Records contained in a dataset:
· · · ·
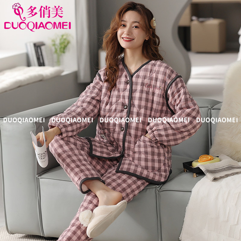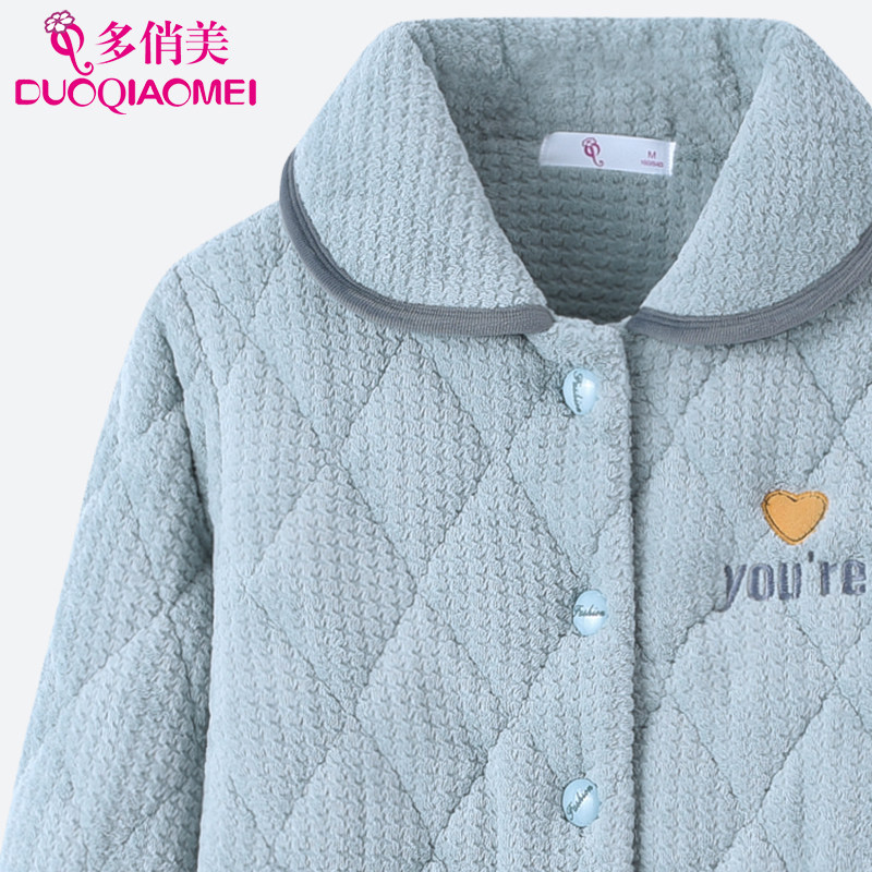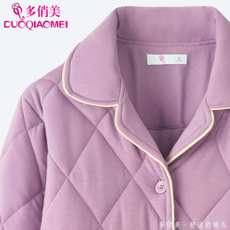 多俏美睡衣女士秋冬季加厚纯棉长袖家居服夹棉袄保暖冬天冬款
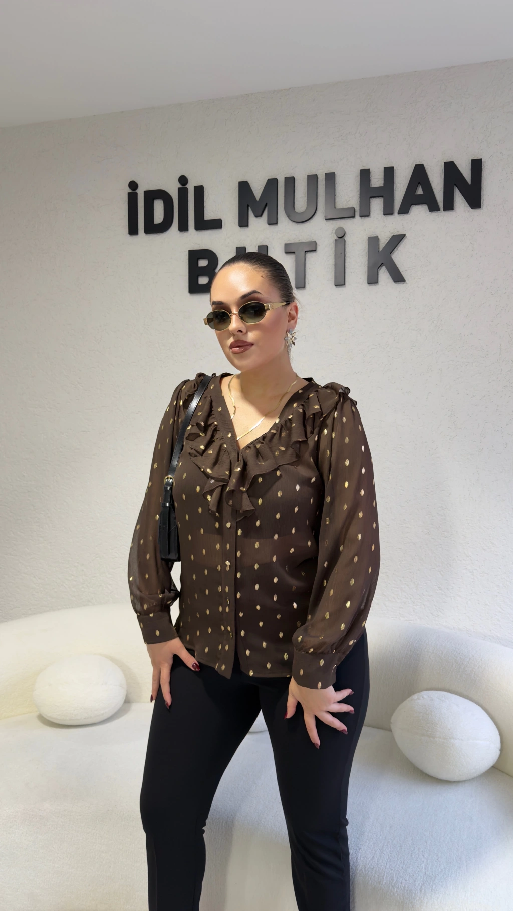 Kahverengi Volanlı Gold Varaklı Bluz
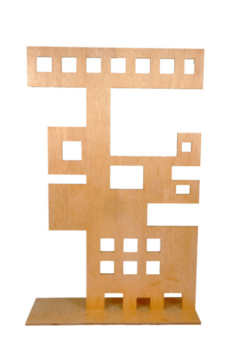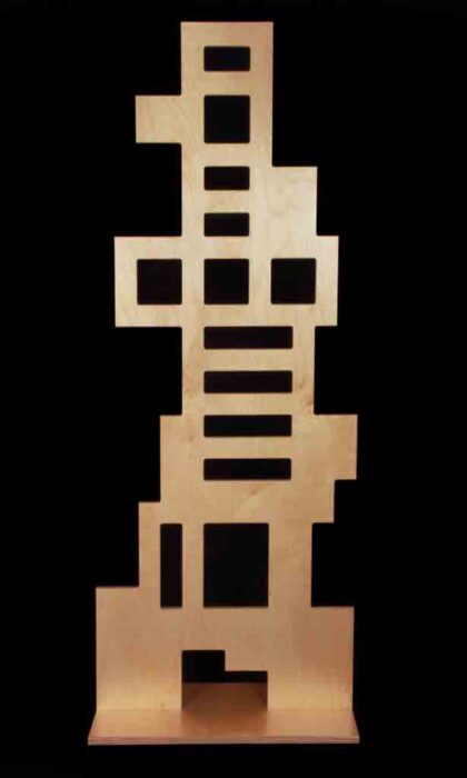 Just as some of Himmelfarb’s recent paintings demonstrate a return to a more formal simplicity, his new Icon sculptures are yet more restrained. These thin standing sculptures, made of powder coated steel or veneered plywood appear as totems built of graphic blocks or pixels—in a way, archetypes of a modern communication. They are the spiritual heirs to his prior works involving an invented vocabulary of symbols and hieroglyphs, out of which the truck motif originally arose. With titles like Architect, Leader and Local Hero, the sculptures aspire to be portraits, or at least frameworks for describing aspirational citizens.
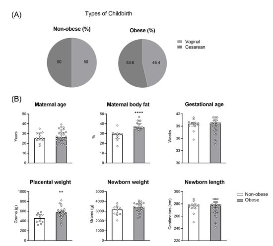 Demographic data of non-obese and obese mothers and newborns. A cohort of full-term pregnant women were assessed from the non-obese (white bar; n = 11) and obese (gray bar; n = 28) groups. The type of delivery (A), maternal age, maternal body fat, gestational age, placental and newborn weight, and newborn length (B) was obtained from the maternity hospitals. The bars represent the median and interquartile range of the values. ** p ≤ 0.01; **** p ≤ 0.0001.
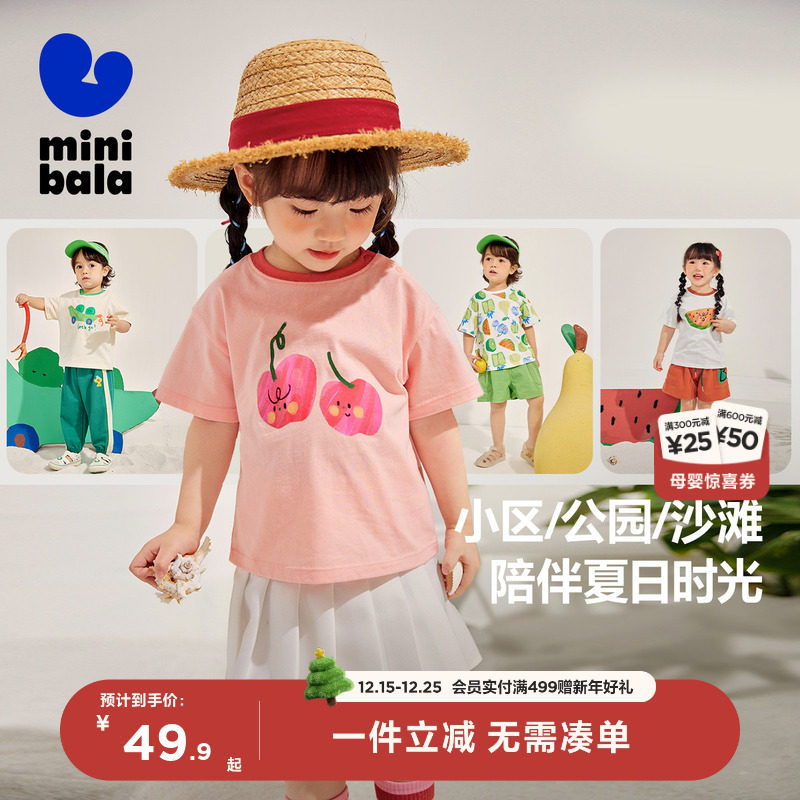 迷你巴拉男童女童短袖T恤夏季宝宝水果薄纯棉T恤儿童短袖婴童上衣
· · · ·
→ Exercise objective: Copy out all the data exactly. The images should not appear in the copy.

→ Task result:
 多俏美睡衣女士秋冬季加厚纯棉长袖家居服夹棉袄保暖冬天冬款
 Kahverengi Volanlı Gold Varaklı Bluz
 Just as some of Himmelfarb’s recent paintings demonstrate a return to a more formal simplicity, his new Icon sculptures are yet more restrained. These thin standing sculptures, made of powder coated steel or veneered plywood appear as totems built of graphic blocks or pixels—in a way, archetypes of a modern communication. They are the spiritual heirs to his prior works involving an invented vocabulary of symbols and hieroglyphs, out of which the truck motif originally arose. With titles like Architect, Leader and Local Hero, the sculptures aspire to be portraits, or at least frameworks for describing aspirational citizens.
 Demographic data of non-obese and obese mothers and newborns. A cohort of full-term pregnant women were assessed from the non-obese (white bar; n = 11) and obese (gray bar; n = 28) groups. The type of delivery (A), maternal age, maternal body fat, gestational age, placental and newborn weight, and newborn length (B) was obtained from the maternity hospitals. The bars represent the median and interquartile range of the values. ** p ≤ 0.01; **** p ≤ 0.0001.
 迷你巴拉男童女童短袖T恤夏季宝宝水果薄纯棉T恤儿童短袖婴童上衣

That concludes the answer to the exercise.